The EVO15-S demonstrated strong performance on our 3D and gaming tests among systems equipped with the GTX 1060, though the differences were not so drastic as to position the EVO15-S as the unquestioned leader of the pack. At 1,366-by-768 resolution and with graphics quality set to Medium, it reached 130 frames per second (fps) on Heaven and 90fps on Valley. Cranked up to the Ultra graphics option at native resolution, its frame rates were 67fps on Heaven and 70fps on Valley. That’s better than both the Alienware 13 and the Razer Blade, but only slightly. Both of those laptops were within 10fps of the EVO15-S, and the Acer Predator 15 had a slight edge on Ultra and a significant edge on Medium. For a thinner gaming laptop, these numbers are quite good, and they mean you don’t really have to worry about choppy frame rates. The EVO15-S did distinguish itself more on the 3DMark Cloud Gate and Fire Strike Extreme tests. With top scores of 24,716 points and 5,068 points respectively, it surpassed the Alienware 13 and the Blade, and was not too far behind the HP Omen 17 (25,433 on Cloud Gate, 7,118 on Fire Strike Extreme), which features a more powerful GTX 1070 and is our Editors’ Choice for midrange gaming systems.

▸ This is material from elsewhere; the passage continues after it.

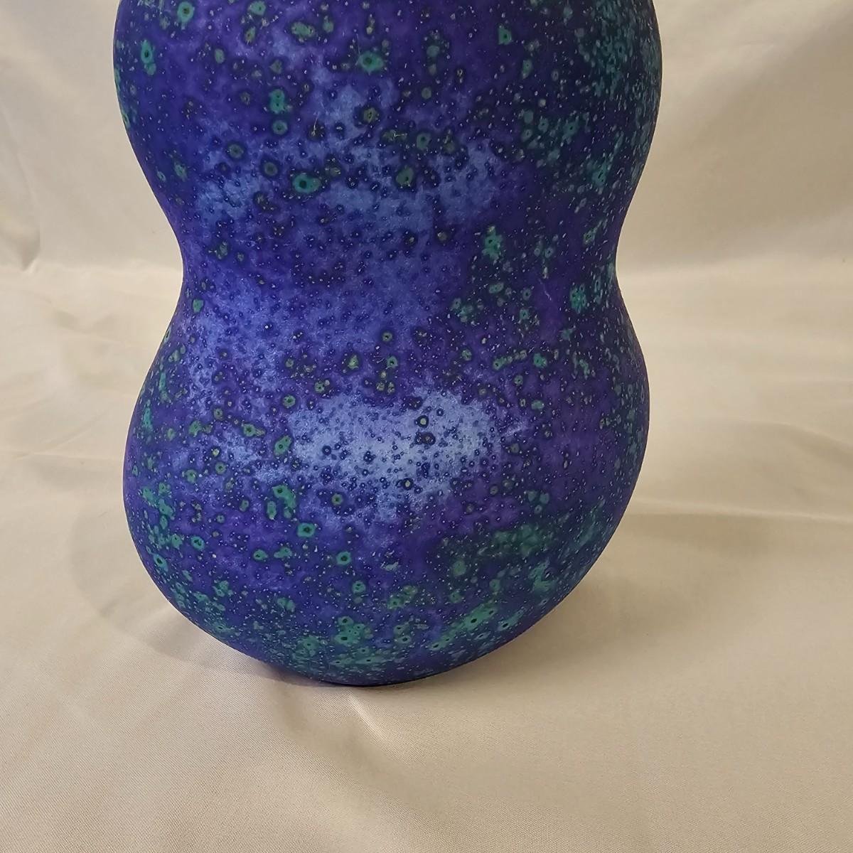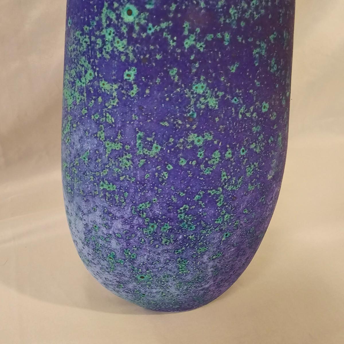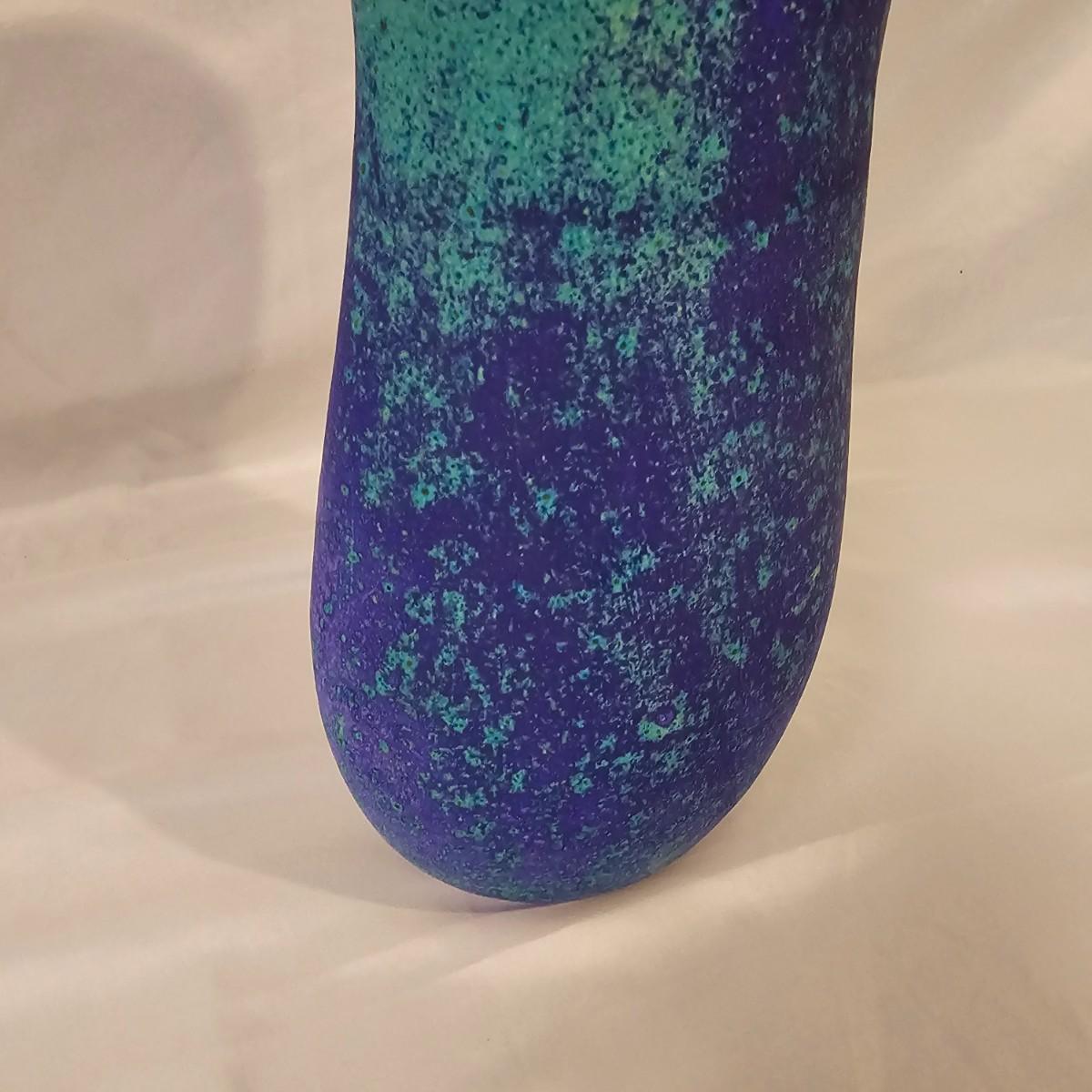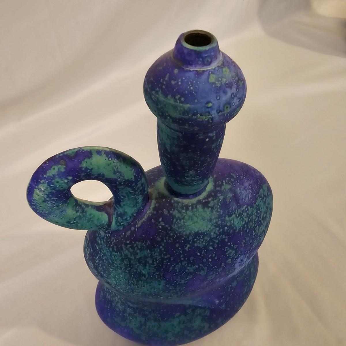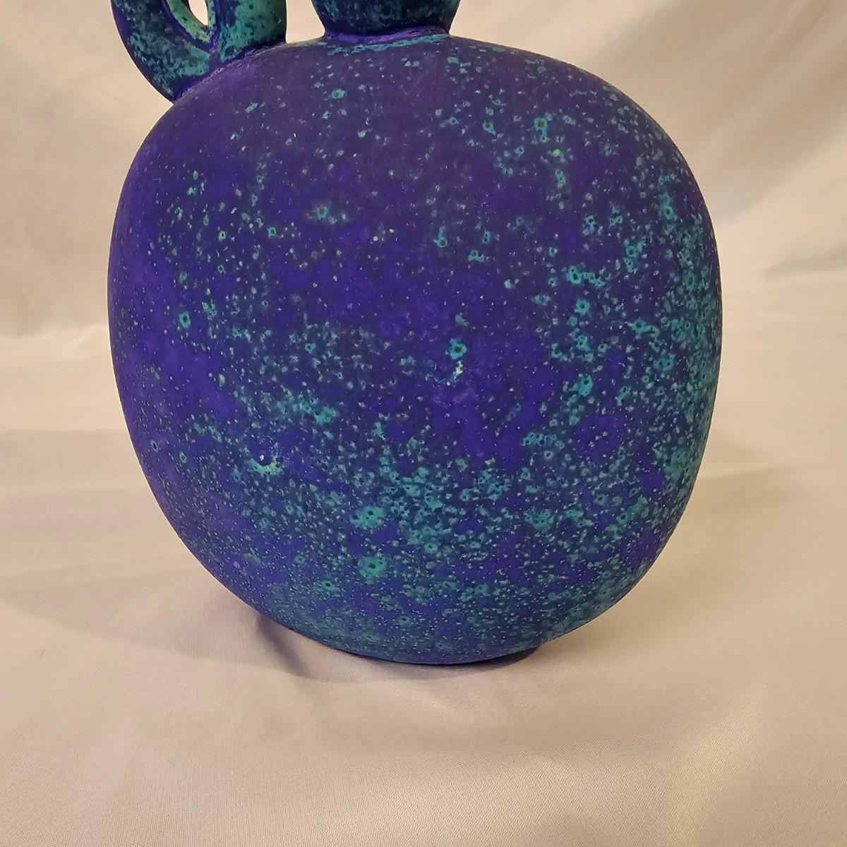 Vibrant purples and aquas adorn these three striking bottle shapes by N.C. artist Michael Sherrill. Similiar top styling with spouts and handles. A matte, nubby finish covers the exteriors. Tallest piece is 5" x 7" x 20"H, medium is 4" x 6" x 12" and shortest is 4" x 6.5" x 8.5"H. There appears to be residue from museum putty on the bottoms of the pieces. Some dust and debris may be stuck in this residue. See photos for details. Shipping available. Shipping can be costly. We suggest contacting our preferred local shipping provider, Postage Express, with dimensions and getting an estimate before bidding: (828) 670-5501 or shipping@postageexpressnc.com

One of the main strengths of the EVO15-S is its portability, so it’s a good thing that it’s a winner at productivity tasks, too. Scoring 3,609 points on our PCMark 8 Work Conventional test, the EVO15-S outperformed the Acer Predator 15, the Alienware 13, the Razer Blade, and the HP Omen 17—as it should, considering its newer processor. It’s also top of the heap with multimedia, finishing our Handbrake encoding test in 1 minute, 3 seconds, scoring 739 points on CineBench R15, and rendering 11 Photoshop filters in just 2:58.

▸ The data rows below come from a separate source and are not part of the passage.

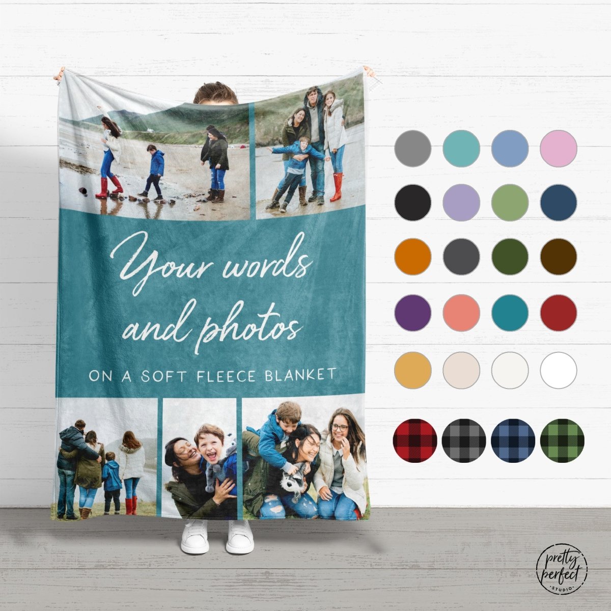 Custom Photo Collage Blanket for Adults and Kids, Personalized Picture Throw Blankets, Custom Text on Blanket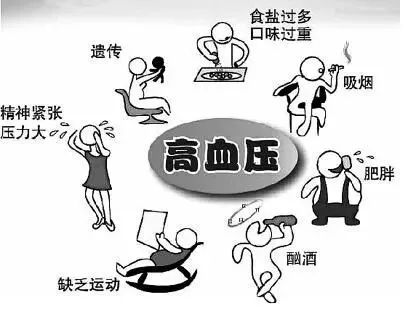 因遗传因素、精神和环境因素(长期的精神紧张,激动,焦虑,受噪声或不良视觉刺激等因素)、遗传因素、年龄因素、生活习惯(膳食结构不合理,食用过多的钠盐及过多的饱和脂肪酸等,吸烟可加速动脉粥样硬化从而引起心脑血管等疾病)、药物因素(避孕药、激素药、消炎止痛药等)。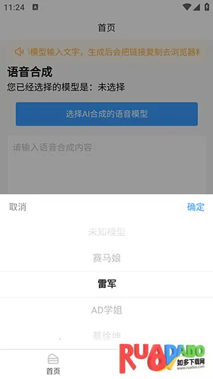 1、打开AI语音合成app,点击选择ai合成的语音模型

All things considered, a lightweight gaming machine with tons of storage that’s also good for everyday tasks is an attractive buy. In theory, it could be the holy grail of a laptop that can handle heavy duty gaming while remaining truly portable. There’s just one snag to this narrative, and that’s the Origin’s less-than-stellar battery life. It only lasted 3 hours, 28 minutes, on our battery rundown test. That’s typical for gaming laptops as a category, but behind rival systems. The Razer Blade clocked in with a phenomenal 7:23—more than double the battery life of the EVO15-S. The Acer Predator 15 (5:16), the Alienware 13 (4:56), and the HP Omen 17 (4:35) all lasted longer, too.
Pricey by Nature
The Origin EVO15-S has a lot going for it: low-key aesthetics, a lightweight yet sturdy build, and excellent performance. But in addition to somewhat disappointing battery life, it’s pricier than most of the competition. The latest Razer Blade has an older 6th-Generation Intel Core processor, but its gaming performance isn’t so far behind that of the EVO15-S, and it can still handle VR (as can the Alienware 13). And for about $500 less, you get more than 7 hours of battery and a sleeker design—major reasons why the Blade remains our Editors’ Choice for ultraportable gaming laptops.